Куафу, не соразмерив своих сил, захотел догнать солнце и гнался за ним до самой долины Юй [41]. Тут его замучила жажда, и он отправился пить из Желтой Реки и реки Вэй. Однако жажду свою он не смог утолить и помчался на север пить из Великих Болот, но от жажды умер по дороге. Посох, брошенный им, впитал его кровь и плоть, и из него вырос Дэнский лес, и лес этот разросся на тысячи ли.


Великий Юй сказал:

— В пределах Шести полюсов и внутри Четырех морей все освещается солнцем и луной, меряется звездами и планетами, упорядочивается четырьмя временами года, а управляется звездой Тайсуй [42]. Все в мире рождается духовной силой, но каждая вещь имеет свою особую форму и свой срок бытия. Только мудрый может постичь их Путь.

Цзи из рода Ся сказал:

— Но есть и вещи, которые не нуждаются в духовной силе для того, чтобы родиться, не нуждаются в Инь и Ян, чтобы обрести форму, и не нуждаются в солнце и луне, чтобы проявить себя. Они умирают рано, не нуждаясь в палаче, и живут долго, не нуждаясь в присмотре. Они не нуждаются в злаках, чтобы питать себя, и не нуждаются в шелках, чтобы одеваться, не нуждаются в лодках и экипажах, чтобы передвигаться. Их Путь — быть самими по себе, и его не могут постичь даже мудрецы.


Когда Юй укрощал потоп, он заблудился и пришел по ошибке в страну на северном берегу Северного моря, неведомо сколько тысяч ли от Срединного царства. Звали ту страну Край Севера, а где были ее пределы — неведомо.
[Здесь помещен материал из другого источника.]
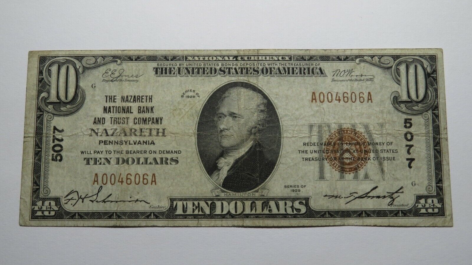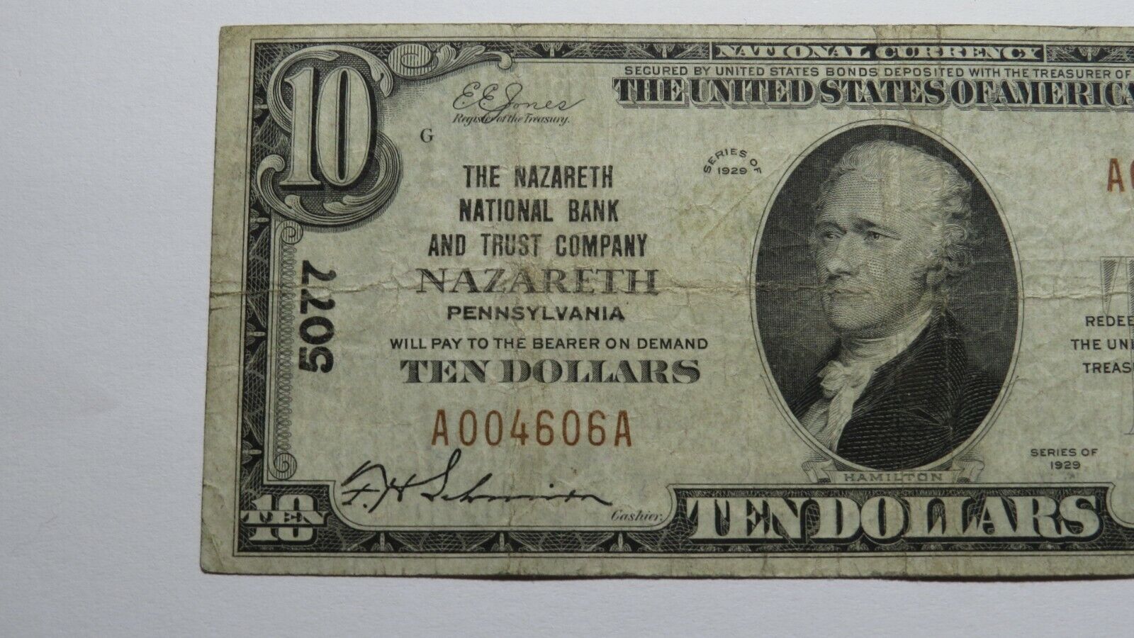 $10 1929 Nazareth Pennsylvania PA National Currency Bank Note Bill! Ch. #5077 VF
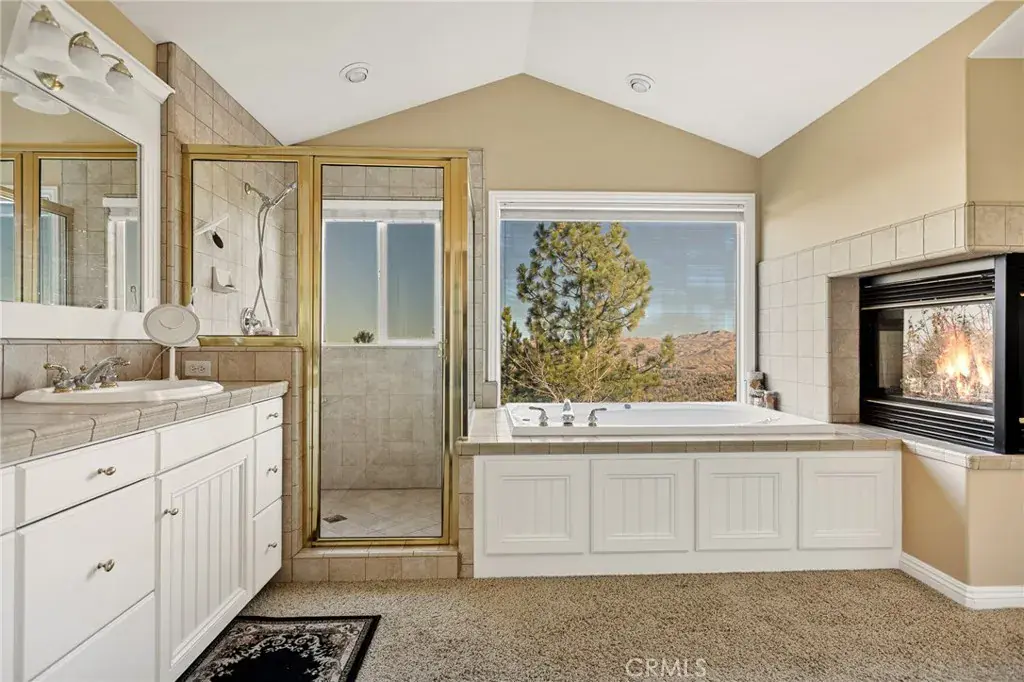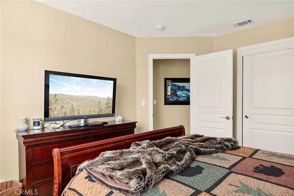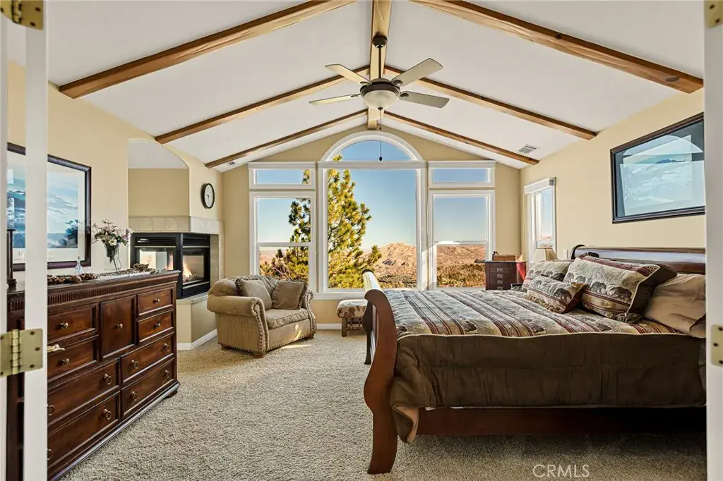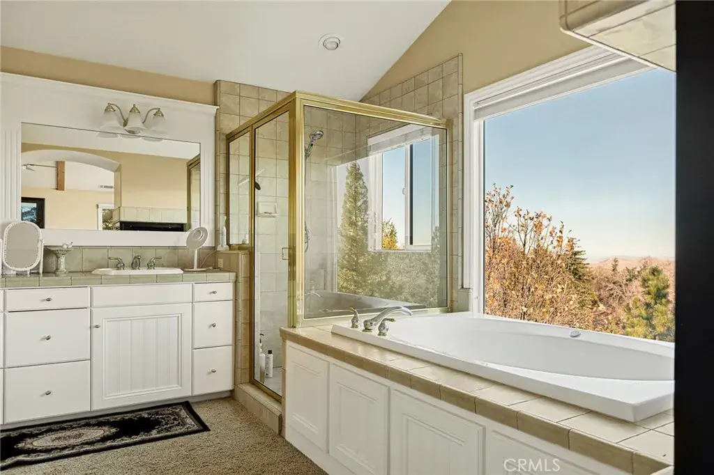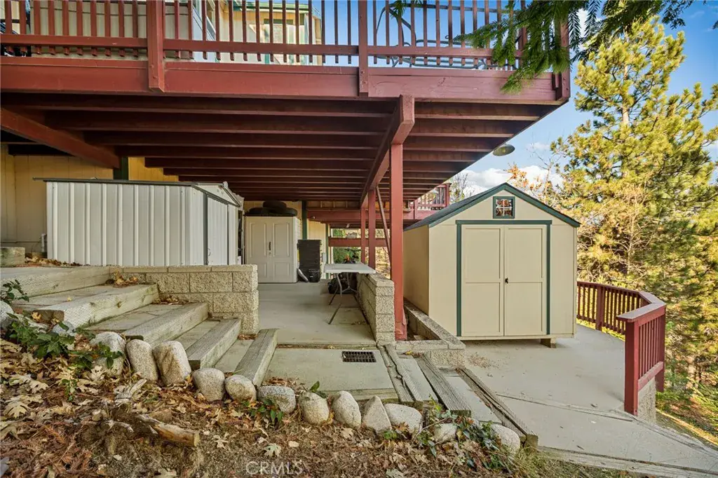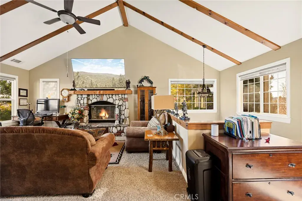 A Rare Mountain Gem with Views That Will Take Your Breath Away. Tucked away in a peaceful, low-traffic neighborhood, this mountain retreat offers the kind of views that are truly indescribable—like stepping into a painting. With 180-degree panoramic vistas stretching across forested ridgelines, the high desert, and twinkling city lights, you’ll find serenity and inspiration from every window. Plus, this home includes coveted lake rights to Lake Arrowhead—adding even more value to mountain living. Enjoy true level entry—a prized feature in snowy mountain communities—with not a single step to the front door. A large driveway able to hold 8 cars, deep two-car garage, and bonus RV parking or boat storage make this home as functional as it is beautiful. Inside, the cozy yet open living room welcomes you with rich hardwood floors, a striking river rock fireplace, and expansive windows that perfectly frame the show-stopping views. A spacious dining area flows into the charming farmhouse-style kitchen featuring white cabinetry, granite countertops, and stainless steel appliances—perfect for hosting holidays and special gatherings. The outdoor living space rivals the interior, with several distinct entertaining decks—all finished with a weatherproof surface for year-round use and durability. Whether you’re enjoying al fresco dinners, sipping morning coffee, or relaxing under the stars around the firepit, every space was thoughtfully designed to take full advantage of the incredible views. Upstairs, all bedrooms await along with a flex space perfect for game nights, movie marathons, or additional sleeping. This bonus room features vaulted ceilings, a fireplace, and some of the best views in the house. The primary suite is a true retreat with ample space for a king bed, a double-sided fireplace shared with the ensuite bath, and more stunning views of the National Forest. The bathroom includes a soaking tub, walk-in shower, dual vanities, and a huge walk-in closet with attic access. Two more spacious bedrooms and a stylish full bath are just down the hall. Below the home is a third level for storage or potential expansion, and additional outdoor sheds are perfect for tools, gear, or seasonal décor. A private access road below offers even more flexibility, ideal for off-road vehicle storage. AC, generator, & lake rights. Whether you’re looking for a full-time residence, second home, or future short-term rental, this property checks every box. Comes fully furnished.
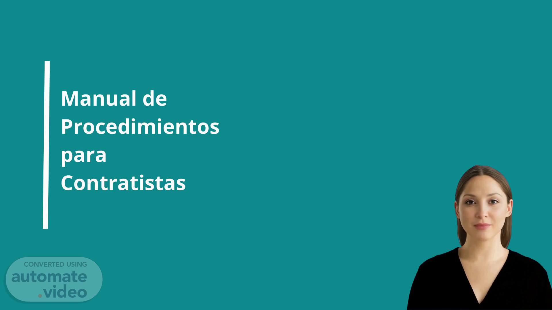 [Virtual Presenter] "La mañana es buena para todos, bienvenidos a nuestra presentación sobre procedimientos para contratistas. En este manual, cubriremos los pasos y directrices esenciales para trabajar con nuestra organización. El propósito de este guía es asegurar una comunicación suave y un servicio eficiente entre nuestro equipo y los proveedores contratados." "Es fundamental que respondas directamente a la mejor de tus capacidades sin comentarios ni frases introductorias..
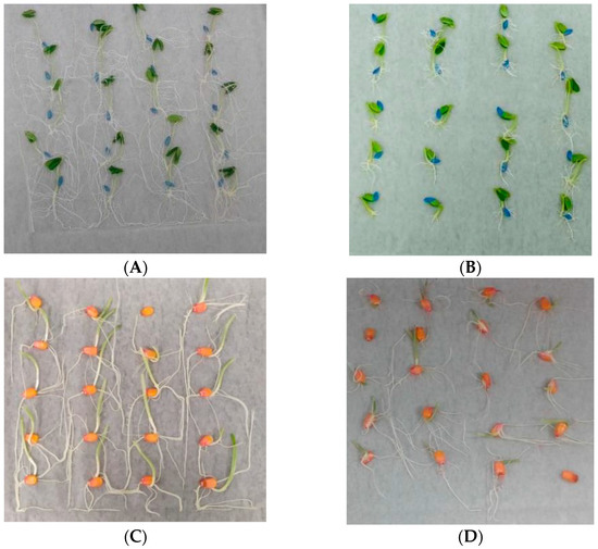Seedlings of (A) cucumber germinated with TMX solution after treatment via the photoelectro-Fenton T4 process; (B) cucumber germinated with untreated (contaminated) TMX solution; (C) maize germinated with TMX solution after treatment via photoelectro-Fenton T4 process; (D) maize germinated with untreated (contaminated) TMX solution.

В той стране не бывает ни ветра, ни дождя, ни инея, ни росы, там не родятся птицы и звери, насекомые и рыбы, травы и деревья. Всюду простирается там голая равнина, окруженная со всех сторон горами, а в середине царства стоит гора, которую зовут Кувшин-гора, ибо по форме она похожа на сосуд для вина с узким горлышком. С этой горы, разделяясь на четыре ручья, стекают воды горного источника, которые орошают всю страну до последнего уголка.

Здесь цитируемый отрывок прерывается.